By Jessica Kiang.
You know when a filmmaker has transcended his profession and truly become a ‘brand’, when it’s his name that hangs above the title of a film that he probably had minimal involvement in actually making. And so it is now with Guillermo del Toro, the visionary director of the sublime “Pan’s Labyrinth” and the “Hellboy” movies, because while he is not the director of Spanish-language horror/thriller “Julia’s Eyes” (that honour goes to Guillem Morales, also the co-writer), it is his name that it is being sold on. “Guillermo del Toro presents…” scream the posters, and in this case, as in his previous “presentation” “The Orphanage” it’s a canny marketing tool, giving the film an auteur’s seal of approval, while also promoting del Toro to an almost Hitchcockian-level of name recognition within this particular genre.

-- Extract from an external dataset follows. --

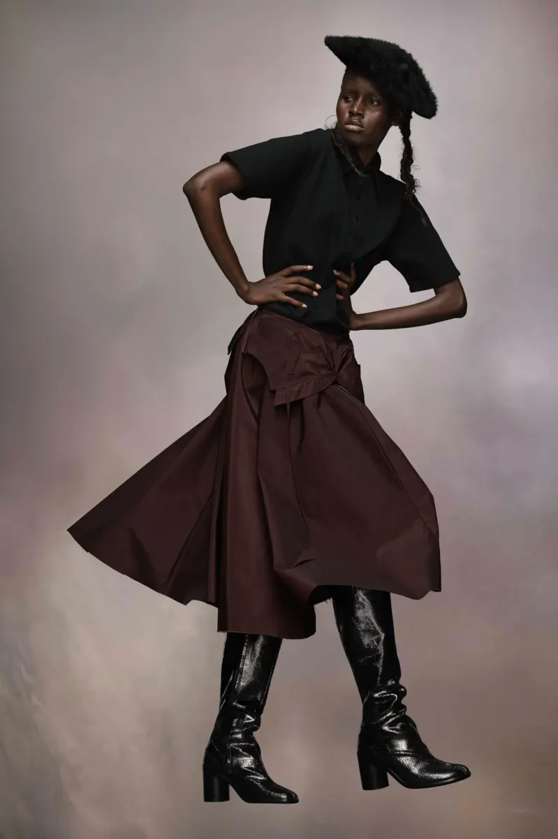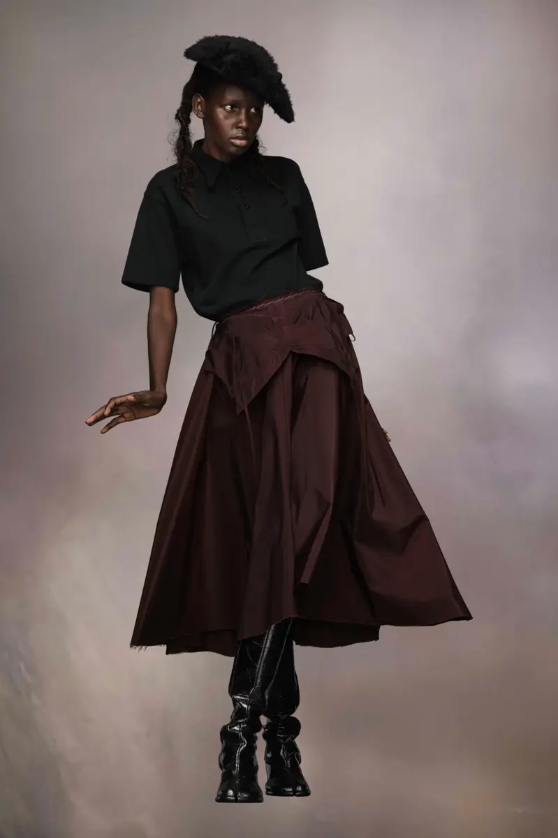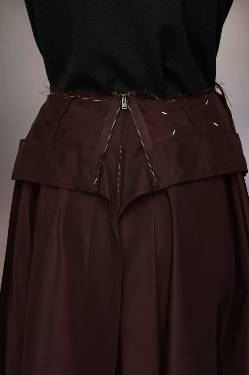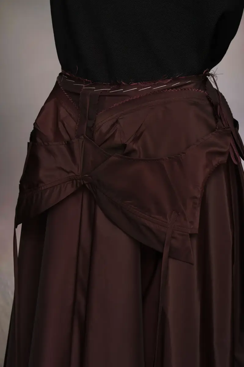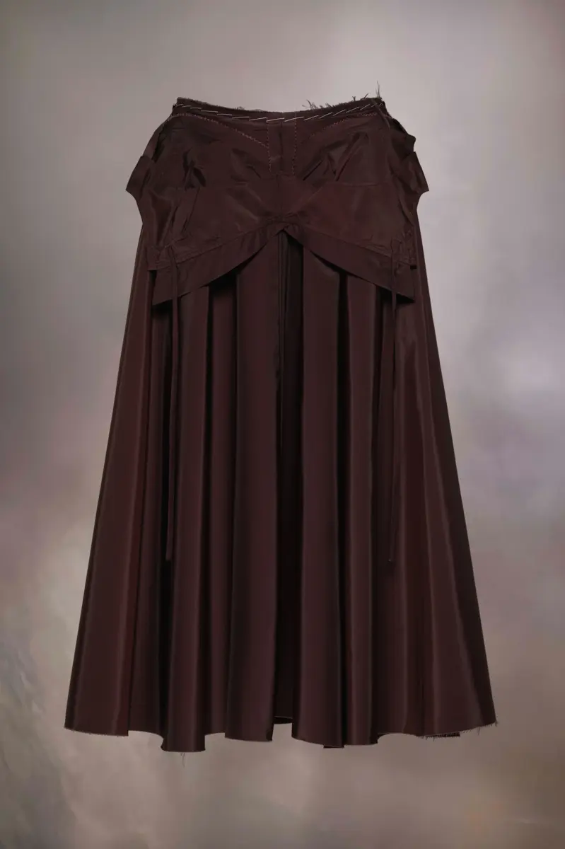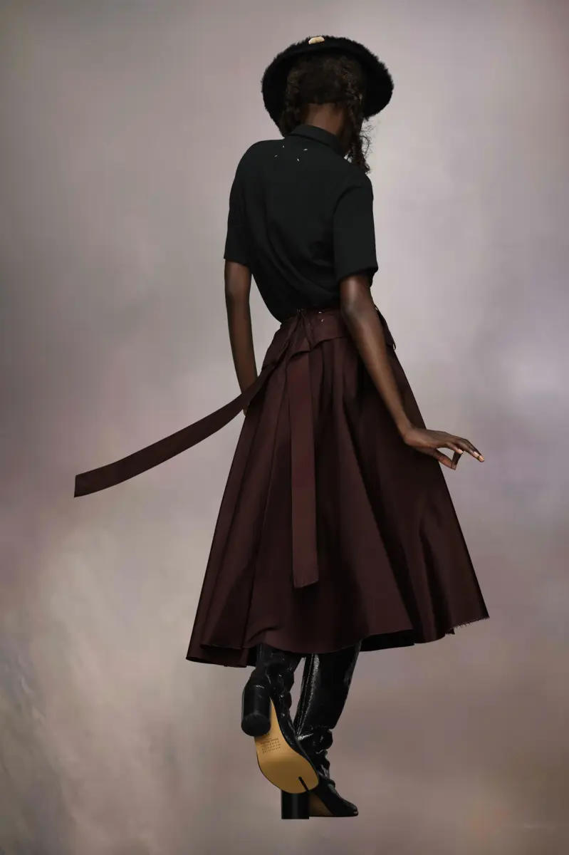 Created in poly taffeta, the voluminous midi skirt features a folded down front, reworking the silhouette; complete with the Maison’s Work-in-progress stitches. The back sports a bow and open zip to further the unfinished aesthetic. Maison Margiela’s signature, the Four stitches, appear at the back; the opposite of a label.

And for the most part, “Julia’s Eyes” doesn’t disappoint. While undoubtedly a tad overlong, and a lot more schlocky and lacking in the melancholy resonance that made the “The Orphanage” so effective, it nonetheless delivers some giggly thrills and good old-fashioned gross-out moments (eyeball injections, anyone?), to make for a satisfyingly low-brow night at the movies.
The story follows the prescribed ideal of the “hot blind woman in peril” subgenre, but adds a “twin sisters” angle for maximum soap opera-ness: upon the apparent suicide of her twin, who suffered the same degenerative eye disease that she does, Julia and her husband Isaac come to settle her affairs. Julia (played by “The Orphanage”’s Belen Rueda, with constant visual reference to her amazing boobs) becomes convinced that a (literally) shady man was somehow involved in her sister’s death and, as she starts to lose her own sight, and possibly her mind, a series of connected deaths seem to bear this out.
It’s twisty and turny and some of the plot somersaults don’t nail their landings but if you go with it, you get more than enough fun along the way to overlook the slight letdown that is the rather prosaic ending. “Julia’s Eyes” may not be a classic, but if you need a reason to go, at least it has more wit and invention than most recent Hollywood horrors – the vast majority of which feel, ironically, rather like sticking needles in your eyes.